CERSI Conference Explores Methods to Measure Protein Aggregation
Researchers from academia, government, and industry examine both established and emerging techniques to detect protein aggregation in biologic drug products.
By Malissa Carroll
January 12, 2017
The University of Maryland School of Pharmacy welcomed researchers from across academia, government, and industry to Pharmacy Hall in December for “Protein Aggregation Measurement in Biotherapeutics: Established and Emerging Techniques,” a day-long conference sponsored by the University of Maryland Center of Excellence in Regulatory Science and Innovation (M-CERSI) and the Bio- and Nano-technology Center at the School of Pharmacy. Led by Bruce Yu, PhD, professor in the Department of Pharmaceutical Sciences (PSC) and director of the Bio- and Nano-technology Center, the conference explored both established and emerging technologies to detect and measure protein aggregation in biologic drug products.
“The organizers of this conference have assembled presentations that represent the diverse perspectives of experts from academic institutions, regulatory agencies, and pharmaceutical companies across the nation,” said Natalie D. Eddington, PhD, FCP, FAAPS, dean and professor of the School of Pharmacy, in her welcoming remarks to attendees. “As separate entities, it can be difficult to move scientific concepts for new drugs and improved drug delivery systems into the hands of those who need them most – our patients. However, if we work together and harness our collective ingenuity, I am confident that we will find that we have the knowledge, skills, and ability to make a significant and real impact on the treatment of a host of chronic diseases.”
Unlike most medications that are developed through chemical syntheses, biologics are made with living cells. These drugs – which include vaccines, medications for cancer and autoimmune diseases, as well as emerging drugs for cell and gene therapies – represent the cutting-edge of biomedical research and often succeed where traditional drug treatments have failed. However, when the proteins that make up some biologic drugs aggregate, or clump together, the safety and efficacy of those drugs can be severely compromised.
The first step in addressing protein aggregation in biologic products is to detect when aggregation has occurred. To kick off the conference, Yu delivered a brief presentation that spotlighted an emerging method currently under investigation in his laboratory to non-invasively detect protein aggregation using water proton nuclear magnetic resonance (NMR). He outlined several experiments that his team had conducted examining the transverse relaxation rate of water protons in NMR and discussed how the results of those experiments might be applied in manufacturing and clinical settings.
“Water NMR offers a number of benefits when compared to other analytical technologies,” said Yu. “It is not only inexpensive, fast, and easy to perform, but also non-invasive. Traditional pharmaceutical analyses often require the tester to open the product, draw out the solution, and inject it into another device. Once the product has been opened, it cannot be dispensed to patients for use. Water NMR allows the tester to insert the entire vial with its cap and label still intact for analysis. There is no tampering with the drug, and it can still be used by patients if the analysis shows no indication of protein aggregation.”
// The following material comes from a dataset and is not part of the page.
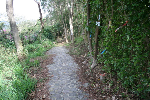 回到涼亭旁叉路口,續行往三段崎古道。稍後立刻轉為石階步道,毫無古意。幸好只是小小一段,不久轉為傳統的卵石步道,路況極佳,坡度並不陡。H179m |

As Yu explained the benefits associated with water NMR, he noted that the method was likely not appropriate for all pharmaceutical analyses. “Although there are a number of applications that can benefit from non-invasive analyses such as water NMR, there are certain applications for which more invasive analyses must be performed. It is crucial that we continue to research other analytical technologies to meet the diverse needs of all researchers, manufacturers, and clinicians, and to ensure that the products we provide to our patients are safe and effective,” he added.
Following Yu’s presentation, the conference was divided into four sessions that explored the regulatory challenges associated with analytical technologies, the applications and limitations associated with common technologies, optical techniques such as counting and characterization, and techniques available through NMR and mass spectrometry.
“NMR is an excellent tool that can give researchers a picture of the ‘state’ of a protein,” said David Keire, PhD, acting laboratory chief for the Office of Pharmaceutical Quality in the Center for Drug Evaluation and Research at the Food and Drug Administration (FDA), who delivered a presentation titled “Applications of NMR for Assessing the Higher Order Structure of Protein Therapeutics.” “Although NMR has been used by researchers to analyze proteins for many years, it has not been widely applied to the understanding of protein aggregation. Our research aims to change this practice.”
The conference concluded with a panel discussion during which all presenters were invited to address questions posed by audience members.
“As researchers and manufacturers, we are all familiar with the challenges that protein aggregation presents for the development of new biologic therapies,” said Ewa Marszal, PhD, chemist in the Center for Biologics Evaluations and Research at the FDA. “Understanding both the established and emerging techniques that are available to detect and measure protein aggregation is crucial to ensuring the quality and safety of these products. It is truly an area that requires much more research and attention, and I thank you all for attending this conference and affirming your dedication to this important field.”